::: GIVEN DATA

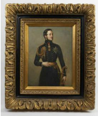
8075: FRAMED OIL PAINTING OF A NOBLE MAN

Depicts a grassland, and tree next to a pond. A city skyline in the background under a cloudy sky. L: 20 in. H: 16 in.
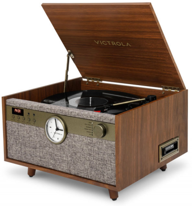
Left: VTA-835-BLK | Top: VTA-820SB-NAT Bottom: VTA-830SB-WLN
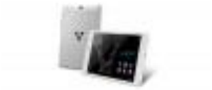
VORAGO 302 PAD, 1,6 GHZ, ROCKCHIP, 1 GB, DDR3-SDRAM, 8 GB, MICROSD (TRANSFLASH)
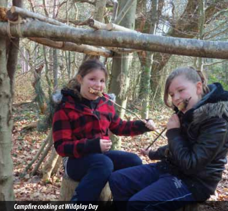
Campfire cooking at Wildplay Day

::::::

YOUR INSTRUCTIONS: Repeat nothing but the lines from the one containing "Left: VTA-835-BLK |" through the last line of the listing, both included, exactly as written, and omit any picture.

SOLUTION TO THE PROBLEM:
Left: VTA-835-BLK | Top: VTA-820SB-NAT Bottom: VTA-830SB-WLN
VORAGO 302 PAD, 1,6 GHZ, ROCKCHIP, 1 GB, DDR3-SDRAM, 8 GB, MICROSD (TRANSFLASH)
Campfire cooking at Wildplay Day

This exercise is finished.